Ihre Schwiegermutter durfte ihre Tochter trotz des von dieser erklärten Erb- und Pflichtteilsverzichts in einem Testament als Alleinerbin einsetzen. Denn der Erb- und Pflichtteilsverzicht bezog sich nur auf das gesetzliche Erbrecht, er schließt eine testamentarische Erbeinsetzung nicht aus. Ihre Söhne haben allerdings einen Pflichtteilsanspruch, da sie insoweit an die Stelle Ihres verstorbenen Ehemannes getreten sind. Der Wert des Pflichtteils entspricht der Hälfte des gesetzlichen Erbteils; da Ihre Söhne jeweils zu einem Viertel gesetzliche Erben geworden wären, haben sie also Anspruch auf jeweils ein Achtel des Nachlasswertes im Wege des Pflichtteils.
Die Frage ist nun, wie hoch der Wert des Nachlasses Ihrer Schwiegermutter zu beziffern ist, insbesondere ob die aufgrund des Vertrags vom 31.08.2000 erfolgte Übertragung von Vermögenswerten im Wert von 300.000 EUR dem Nachlass hinzuzurechnen ist. Hierbei ist zunächst mangels entgegenstehender Hinweise davon auszugehen, dass dieser Vertrag wirksam geschlossen worden ist. Unwirksam wäre der Vertrag nur, wenn Ihre Schwiegermutter z.B. aufgrund geistiger Verwirrtheit geschäftsunfähig war. Da mittlerweile aber auch schon einige Jahre ins Land gegangen sind, wird es schwierig sein, dies noch zu überprüfen.

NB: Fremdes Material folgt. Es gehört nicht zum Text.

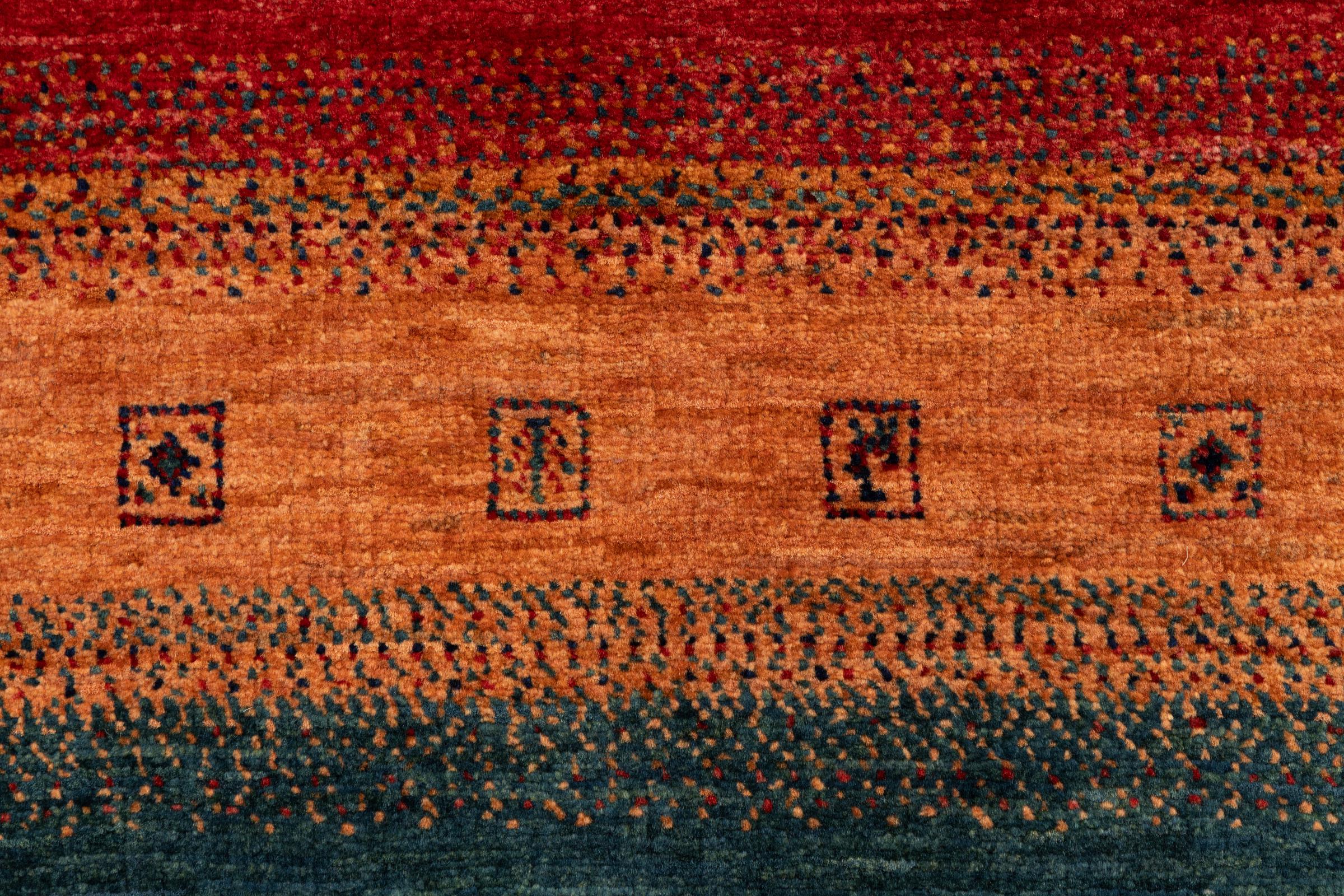 Um refinamento dos já conhecidos tapetes Gabbeh: É este Gabbeh Loribaft persa. Com a sua trama mais fina e o seu belo design, sabe como impressionar. Foi feito à mão por Loren, no sul da Pérsia, com a melhor lã de ovelha fiada à mão. Apenas são utilizados corantes vegetais puros para tingir a lã. Com este tapete, você obtém o mais alto padrão de um tapete Gabbeh para sua casa.

Allerdings stehen bei diesem Vertrag der Wert der von Ihrer Schwägerin zu erbringenden Pflegeleistung und der Wert der Übertragungsverpflichtung, die Ihre Schwiegermutter übernommen hat, von außen betrachtet in einem auffälligen Missverhältnis zueinander; die Pflegeleistungen, die man als Privatperson für eine 88jährige Dame erbringen muss, dürften in den seltensten Fällen einen Wert von 300.000 EUR haben. Daher ist zu vermuten, dass ein Teil der Vermögensübertragung in Wahrheit unentgeltlich, also als Schenkung, erfolgen sollte. Und gemäß § 2325 BGB sind Schenkungen, die der Erblasser weniger als zehn Jahre vor seinem Tod gemacht hat, bei der Berechnung des Pflichtteils dem Nachlass hinzuzurechnen. Sie sollten also einen Rechtsanwalt aufsuchen und zusammen mit ihm ermitteln, wieviel das Pflegeversprechen Ihrer Schwägerin objektiv wert war und wieviel von der Vermögensübertragung in Wahrheit eine Schenkung darstellte. Der Teil der übertragenen Vermögenswerte, der schenkweise auf Ihre Schwägerin übertragen wurde, muss bei der Bestimmung der Höhe des Pflichtteilsanspruchs Ihrer Söhne dem Nachlass hinzugerechnet werden.
Ich hoffe, Ihnen mit dieser Auskunft weitergeholfen zu haben. Für Rückfragen stehe ich selbstverständlich zur Verfügung.